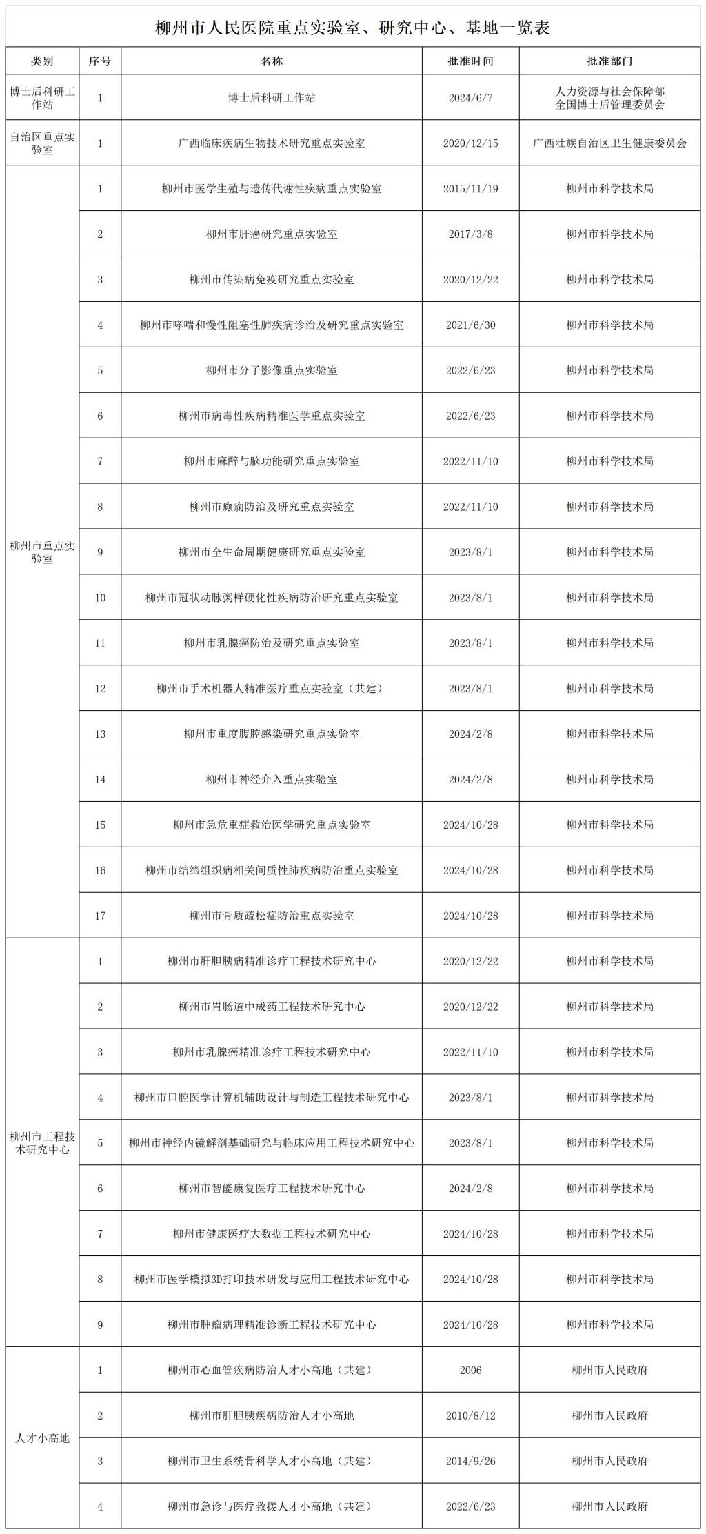 柳州市人民醫(yī)院重點(diǎn)實(shí)驗(yàn)室、研究中心、基地一覽表
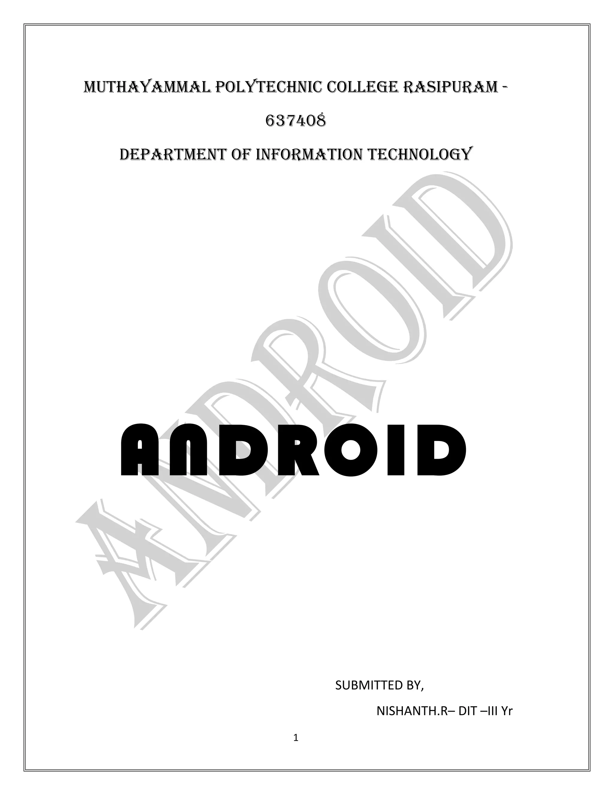 The document discusses Android, an open source software stack and operating system for mobile devices. It begins with background on Android's development by Google and the Open Handset Alliance. It then covers the architecture and components of Android, including the Linux kernel, middleware layers, and apps. It describes the application framework and development process, including building apps using activities, services, and other components. It ends with brief discussions of Android security issues and Google's plans for mobile payment services.
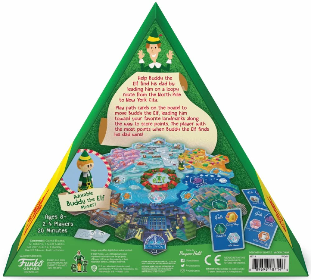 Help Buddy the Elf find his dad in Elf: Journey from the North Pole by laying a loopy route from the North Pole to New York City. Play path cards to the board and move Buddy along its crazy curves. Lead him toward your secret goal landmarks along the way to score points. The player with the most points when Buddy the Elf finds his dad wins! Ages: 8+ Players: 2-4 Duration: 20 minutes
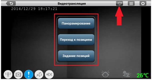 Шаг 3: Коснитесь кнопки PTZ   в верхнем правом углу окна Видеотрансляция, чтобы открыть страницу с настройками PTZ-управления.

» **What the task requires**
Every line from the start of the material through the line holding "Help Buddy the" must be returned exactly, and the pictures must not.

» **Task output**
 柳州市人民醫(yī)院重點(diǎn)實(shí)驗(yàn)室、研究中心、基地一覽表
 The document discusses Android, an open source software stack and operating system for mobile devices. It begins with background on Android's development by Google and the Open Handset Alliance. It then covers the architecture and components of Android, including the Linux kernel, middleware layers, and apps. It describes the application framework and development process, including building apps using activities, services, and other components. It ends with brief discussions of Android security issues and Google's plans for mobile payment services.
 Help Buddy the Elf find his dad in Elf: Journey from the North Pole by laying a loopy route from the North Pole to New York City. Play path cards to the board and move Buddy along its crazy curves. Lead him toward your secret goal landmarks along the way to score points. The player with the most points when Buddy the Elf finds his dad wins! Ages: 8+ Players: 2-4 Duration: 20 minutes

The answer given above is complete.